• WORK INSTRUCTION
Give again, exactly as written, the lines of the records below from the line with "2 — Ripiegato" to the line with "2 月 11 日,多位用户发现". Both end lines count; pictures do not.

• GIVEN ENTRIES
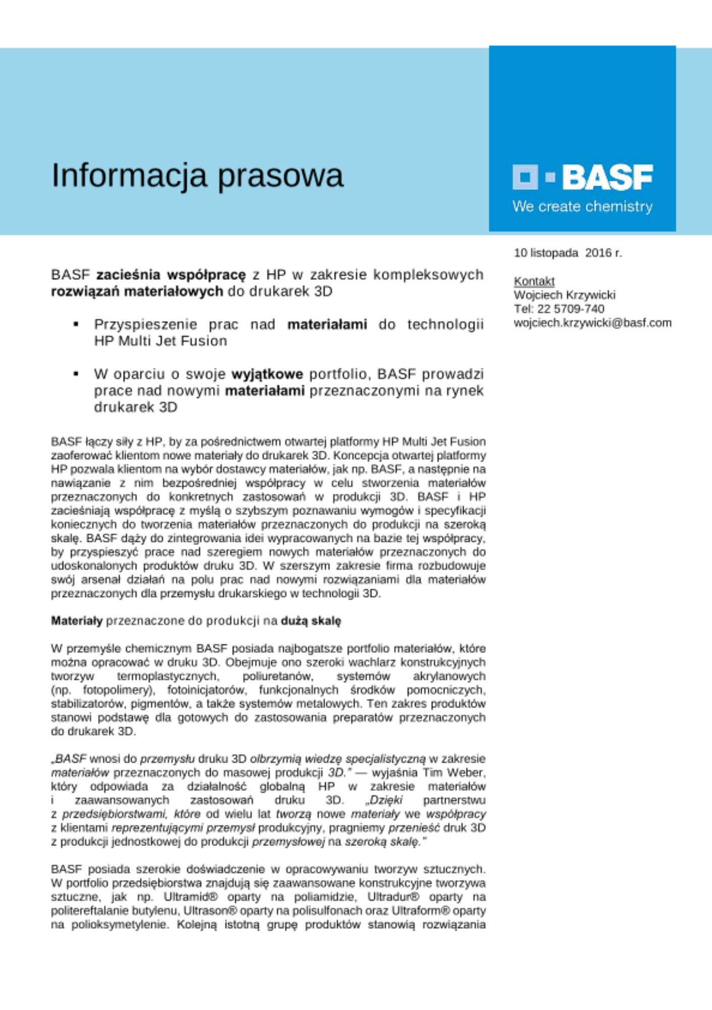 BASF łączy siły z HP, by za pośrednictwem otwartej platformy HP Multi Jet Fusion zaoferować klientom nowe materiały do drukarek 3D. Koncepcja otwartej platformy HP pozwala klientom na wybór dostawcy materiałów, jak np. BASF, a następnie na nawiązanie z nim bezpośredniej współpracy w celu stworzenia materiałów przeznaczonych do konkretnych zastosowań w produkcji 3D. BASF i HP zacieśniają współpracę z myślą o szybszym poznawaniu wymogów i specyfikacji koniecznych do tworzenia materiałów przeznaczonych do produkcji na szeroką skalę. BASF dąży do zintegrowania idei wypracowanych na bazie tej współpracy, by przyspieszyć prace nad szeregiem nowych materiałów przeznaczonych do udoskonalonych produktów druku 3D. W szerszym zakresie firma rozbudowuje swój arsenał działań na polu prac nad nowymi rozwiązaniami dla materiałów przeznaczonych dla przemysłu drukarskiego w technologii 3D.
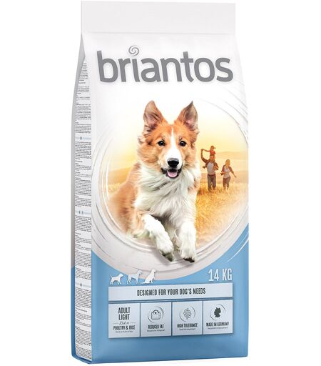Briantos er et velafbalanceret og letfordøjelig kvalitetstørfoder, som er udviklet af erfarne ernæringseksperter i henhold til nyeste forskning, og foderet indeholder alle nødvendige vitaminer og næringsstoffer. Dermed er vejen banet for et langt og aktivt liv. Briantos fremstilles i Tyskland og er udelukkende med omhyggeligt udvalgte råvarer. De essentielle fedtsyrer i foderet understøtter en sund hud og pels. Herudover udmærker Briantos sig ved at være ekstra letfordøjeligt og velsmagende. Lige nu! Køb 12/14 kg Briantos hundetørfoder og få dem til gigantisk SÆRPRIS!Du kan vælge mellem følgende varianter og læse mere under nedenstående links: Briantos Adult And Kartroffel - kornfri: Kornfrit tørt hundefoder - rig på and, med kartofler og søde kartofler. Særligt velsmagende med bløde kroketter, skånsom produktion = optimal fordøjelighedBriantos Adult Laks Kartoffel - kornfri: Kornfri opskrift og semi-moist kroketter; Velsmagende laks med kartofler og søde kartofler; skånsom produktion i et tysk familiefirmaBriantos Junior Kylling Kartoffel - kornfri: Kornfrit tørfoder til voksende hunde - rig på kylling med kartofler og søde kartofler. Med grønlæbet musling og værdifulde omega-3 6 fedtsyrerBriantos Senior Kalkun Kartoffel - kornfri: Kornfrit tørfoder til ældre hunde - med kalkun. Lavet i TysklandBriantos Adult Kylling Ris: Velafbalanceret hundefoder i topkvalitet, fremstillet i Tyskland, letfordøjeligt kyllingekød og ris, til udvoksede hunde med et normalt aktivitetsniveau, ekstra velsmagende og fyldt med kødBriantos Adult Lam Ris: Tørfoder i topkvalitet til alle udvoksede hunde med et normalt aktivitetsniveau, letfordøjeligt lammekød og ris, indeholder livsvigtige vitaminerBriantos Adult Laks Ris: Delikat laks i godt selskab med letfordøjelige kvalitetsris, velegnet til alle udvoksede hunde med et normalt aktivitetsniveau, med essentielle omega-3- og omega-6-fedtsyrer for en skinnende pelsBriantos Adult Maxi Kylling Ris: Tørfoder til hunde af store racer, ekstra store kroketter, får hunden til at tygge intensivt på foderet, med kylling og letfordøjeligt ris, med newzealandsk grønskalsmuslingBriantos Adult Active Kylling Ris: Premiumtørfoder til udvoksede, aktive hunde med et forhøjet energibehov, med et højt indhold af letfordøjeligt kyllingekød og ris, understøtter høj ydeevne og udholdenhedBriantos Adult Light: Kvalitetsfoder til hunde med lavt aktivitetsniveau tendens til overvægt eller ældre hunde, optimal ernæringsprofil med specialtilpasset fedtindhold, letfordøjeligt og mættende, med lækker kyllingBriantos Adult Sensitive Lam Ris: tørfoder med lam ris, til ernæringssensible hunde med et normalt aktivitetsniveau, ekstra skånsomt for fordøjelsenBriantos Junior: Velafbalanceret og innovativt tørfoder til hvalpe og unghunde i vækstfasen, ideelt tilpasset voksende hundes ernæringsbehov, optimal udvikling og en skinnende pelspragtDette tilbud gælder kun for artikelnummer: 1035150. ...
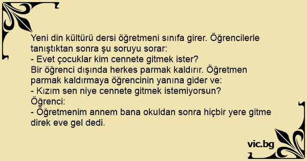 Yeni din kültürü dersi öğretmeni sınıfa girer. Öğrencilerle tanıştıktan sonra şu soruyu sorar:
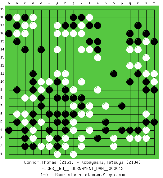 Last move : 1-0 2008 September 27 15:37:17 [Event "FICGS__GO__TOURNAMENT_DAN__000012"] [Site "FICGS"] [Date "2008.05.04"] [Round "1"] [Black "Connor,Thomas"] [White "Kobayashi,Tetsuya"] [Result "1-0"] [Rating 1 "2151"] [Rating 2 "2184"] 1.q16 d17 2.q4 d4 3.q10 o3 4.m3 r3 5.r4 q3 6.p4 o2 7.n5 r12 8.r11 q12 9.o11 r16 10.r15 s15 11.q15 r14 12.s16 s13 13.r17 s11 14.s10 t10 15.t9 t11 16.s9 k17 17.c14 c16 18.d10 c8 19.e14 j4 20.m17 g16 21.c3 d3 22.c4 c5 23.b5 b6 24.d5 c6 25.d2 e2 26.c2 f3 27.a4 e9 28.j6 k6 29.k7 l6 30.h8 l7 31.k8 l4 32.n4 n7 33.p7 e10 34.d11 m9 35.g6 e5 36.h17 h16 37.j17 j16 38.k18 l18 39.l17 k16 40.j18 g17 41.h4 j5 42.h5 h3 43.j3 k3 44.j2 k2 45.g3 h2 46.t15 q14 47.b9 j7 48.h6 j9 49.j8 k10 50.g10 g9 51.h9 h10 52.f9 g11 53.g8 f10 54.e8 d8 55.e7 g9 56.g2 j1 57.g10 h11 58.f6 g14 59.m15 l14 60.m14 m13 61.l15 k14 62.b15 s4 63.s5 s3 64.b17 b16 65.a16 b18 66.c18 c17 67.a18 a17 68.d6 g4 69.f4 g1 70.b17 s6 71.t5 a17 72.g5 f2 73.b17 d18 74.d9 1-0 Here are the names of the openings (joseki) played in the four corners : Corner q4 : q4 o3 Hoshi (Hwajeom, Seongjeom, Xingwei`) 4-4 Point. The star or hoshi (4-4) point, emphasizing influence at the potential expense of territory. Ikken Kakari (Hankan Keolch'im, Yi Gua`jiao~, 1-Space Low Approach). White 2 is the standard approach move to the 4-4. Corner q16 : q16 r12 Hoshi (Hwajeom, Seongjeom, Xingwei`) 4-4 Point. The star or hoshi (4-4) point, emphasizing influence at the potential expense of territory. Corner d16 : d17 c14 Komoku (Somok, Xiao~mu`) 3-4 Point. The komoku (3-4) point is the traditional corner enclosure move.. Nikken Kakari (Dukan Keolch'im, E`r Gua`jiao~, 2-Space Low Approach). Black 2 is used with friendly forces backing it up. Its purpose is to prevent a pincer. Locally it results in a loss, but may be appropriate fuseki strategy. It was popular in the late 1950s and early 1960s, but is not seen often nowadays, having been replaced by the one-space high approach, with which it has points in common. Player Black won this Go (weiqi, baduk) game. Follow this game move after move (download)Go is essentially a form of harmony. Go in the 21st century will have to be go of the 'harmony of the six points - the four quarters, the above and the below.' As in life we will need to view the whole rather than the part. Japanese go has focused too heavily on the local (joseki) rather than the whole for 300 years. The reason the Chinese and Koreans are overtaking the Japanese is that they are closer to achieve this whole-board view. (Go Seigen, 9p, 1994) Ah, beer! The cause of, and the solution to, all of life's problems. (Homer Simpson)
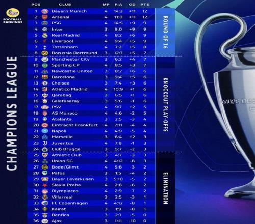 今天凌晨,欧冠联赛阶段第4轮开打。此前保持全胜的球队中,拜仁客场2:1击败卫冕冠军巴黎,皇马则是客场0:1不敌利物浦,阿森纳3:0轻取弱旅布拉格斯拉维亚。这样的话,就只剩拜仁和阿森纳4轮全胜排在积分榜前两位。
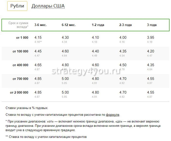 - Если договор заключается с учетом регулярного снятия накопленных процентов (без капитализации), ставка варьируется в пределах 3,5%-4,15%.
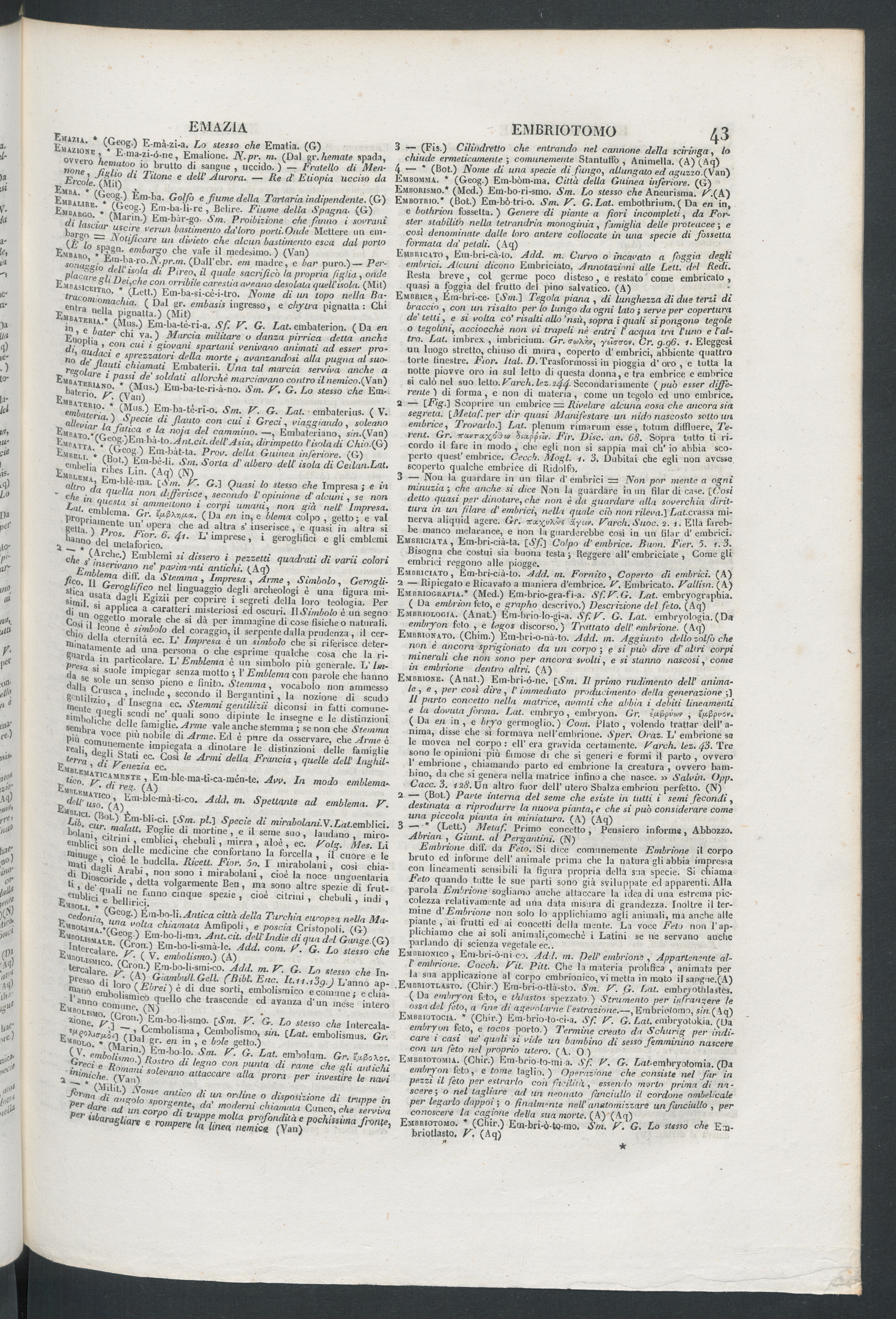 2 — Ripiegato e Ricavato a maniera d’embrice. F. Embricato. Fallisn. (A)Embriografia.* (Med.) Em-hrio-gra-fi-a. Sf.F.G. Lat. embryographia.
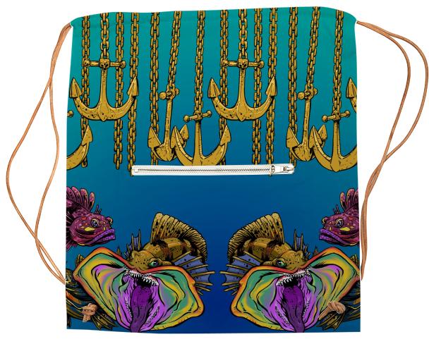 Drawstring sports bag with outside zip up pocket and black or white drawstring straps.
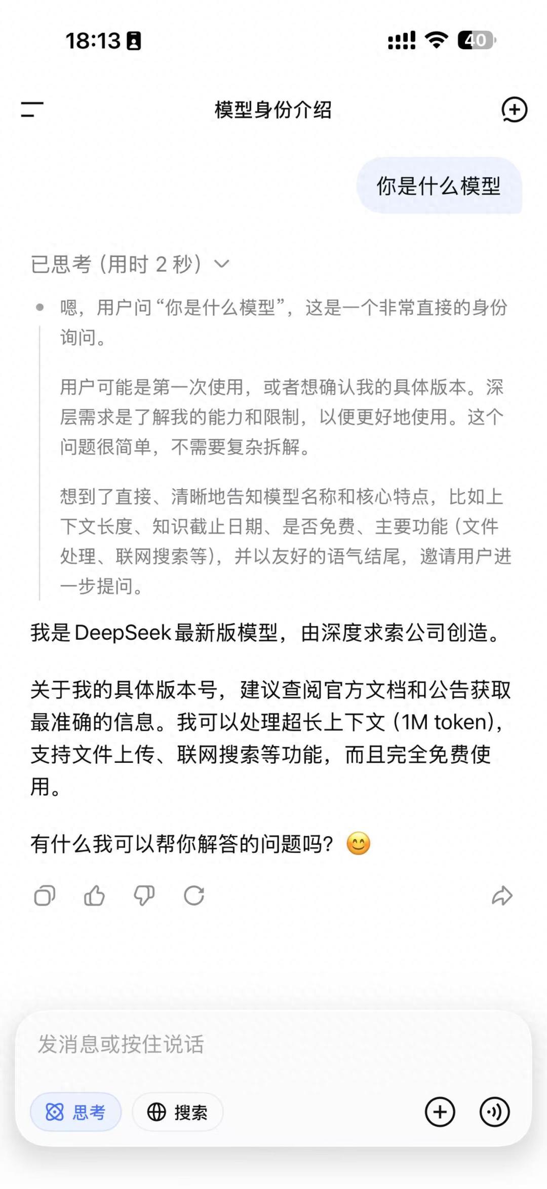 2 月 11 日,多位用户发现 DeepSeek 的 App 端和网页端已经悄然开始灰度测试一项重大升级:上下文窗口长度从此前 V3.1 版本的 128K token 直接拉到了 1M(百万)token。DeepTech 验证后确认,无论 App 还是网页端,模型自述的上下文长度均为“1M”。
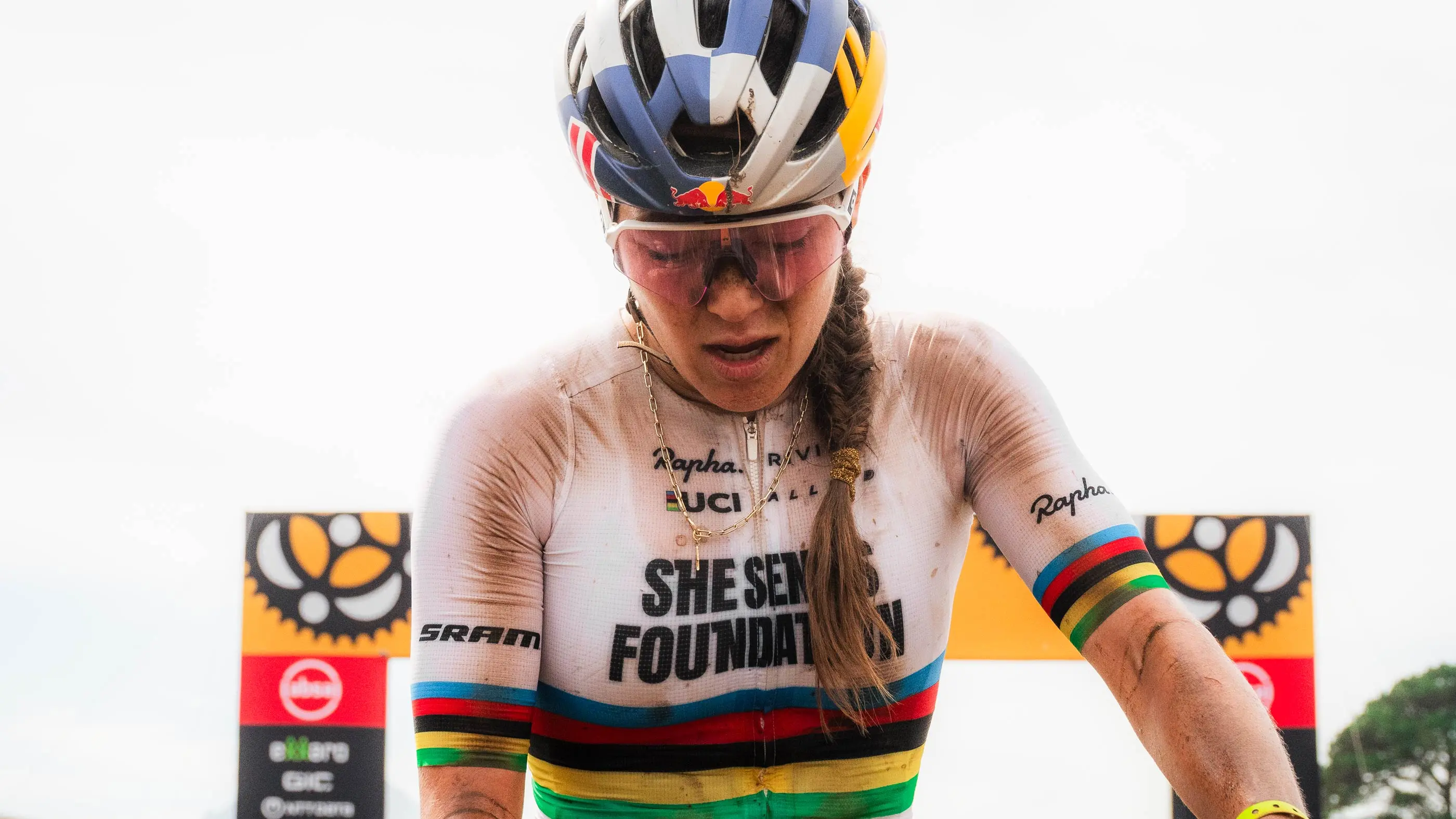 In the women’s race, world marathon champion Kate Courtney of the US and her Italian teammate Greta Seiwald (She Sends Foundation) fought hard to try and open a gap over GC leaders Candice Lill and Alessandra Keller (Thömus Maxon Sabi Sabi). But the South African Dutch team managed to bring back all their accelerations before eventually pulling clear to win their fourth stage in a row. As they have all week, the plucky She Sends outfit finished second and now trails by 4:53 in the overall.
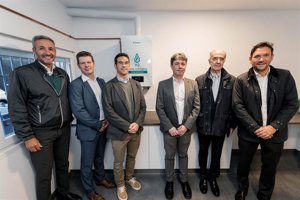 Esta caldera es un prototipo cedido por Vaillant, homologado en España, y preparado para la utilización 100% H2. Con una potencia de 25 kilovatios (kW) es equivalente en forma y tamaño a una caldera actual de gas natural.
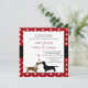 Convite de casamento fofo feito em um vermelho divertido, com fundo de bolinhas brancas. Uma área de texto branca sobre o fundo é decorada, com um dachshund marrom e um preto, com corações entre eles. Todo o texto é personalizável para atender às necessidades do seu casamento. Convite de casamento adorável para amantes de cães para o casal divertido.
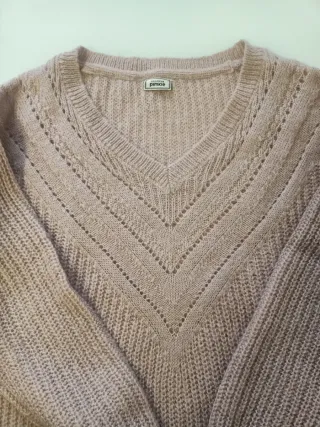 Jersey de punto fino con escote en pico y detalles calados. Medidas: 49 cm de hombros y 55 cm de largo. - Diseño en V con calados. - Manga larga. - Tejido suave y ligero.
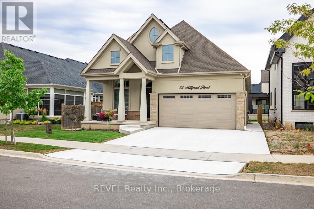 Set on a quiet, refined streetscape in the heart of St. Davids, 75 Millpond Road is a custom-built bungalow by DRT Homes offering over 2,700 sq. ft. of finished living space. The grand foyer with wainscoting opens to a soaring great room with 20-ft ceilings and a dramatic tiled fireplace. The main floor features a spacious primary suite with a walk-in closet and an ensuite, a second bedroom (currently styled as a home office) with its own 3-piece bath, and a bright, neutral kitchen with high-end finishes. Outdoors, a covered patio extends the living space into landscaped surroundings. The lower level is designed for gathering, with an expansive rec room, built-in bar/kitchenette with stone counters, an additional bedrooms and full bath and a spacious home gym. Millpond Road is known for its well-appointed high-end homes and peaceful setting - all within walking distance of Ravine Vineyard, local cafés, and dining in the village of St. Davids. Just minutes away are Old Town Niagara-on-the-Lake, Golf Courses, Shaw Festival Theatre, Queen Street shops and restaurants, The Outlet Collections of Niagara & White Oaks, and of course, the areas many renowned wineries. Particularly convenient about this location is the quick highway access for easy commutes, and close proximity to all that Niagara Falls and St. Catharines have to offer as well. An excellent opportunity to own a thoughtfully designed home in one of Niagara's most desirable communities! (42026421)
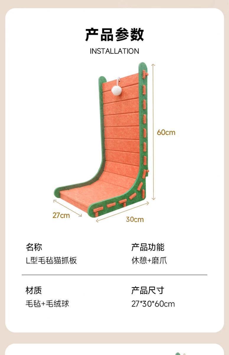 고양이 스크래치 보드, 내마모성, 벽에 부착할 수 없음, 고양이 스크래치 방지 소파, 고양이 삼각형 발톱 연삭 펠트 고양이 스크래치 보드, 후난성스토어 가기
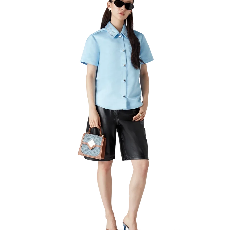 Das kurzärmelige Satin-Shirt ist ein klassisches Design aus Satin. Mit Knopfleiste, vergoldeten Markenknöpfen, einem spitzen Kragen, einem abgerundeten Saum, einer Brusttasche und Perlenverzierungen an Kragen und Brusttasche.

• WRITTEN ANSWER
 2 — Ripiegato e Ricavato a maniera d’embrice. F. Embricato. Fallisn. (A)Embriografia.* (Med.) Em-hrio-gra-fi-a. Sf.F.G. Lat. embryographia.
 Drawstring sports bag with outside zip up pocket and black or white drawstring straps.
 2 月 11 日,多位用户发现 DeepSeek 的 App 端和网页端已经悄然开始灰度测试一项重大升级:上下文窗口长度从此前 V3.1 版本的 128K token 直接拉到了 1M(百万)token。DeepTech 验证后确认,无论 App 还是网页端,模型自述的上下文长度均为“1M”。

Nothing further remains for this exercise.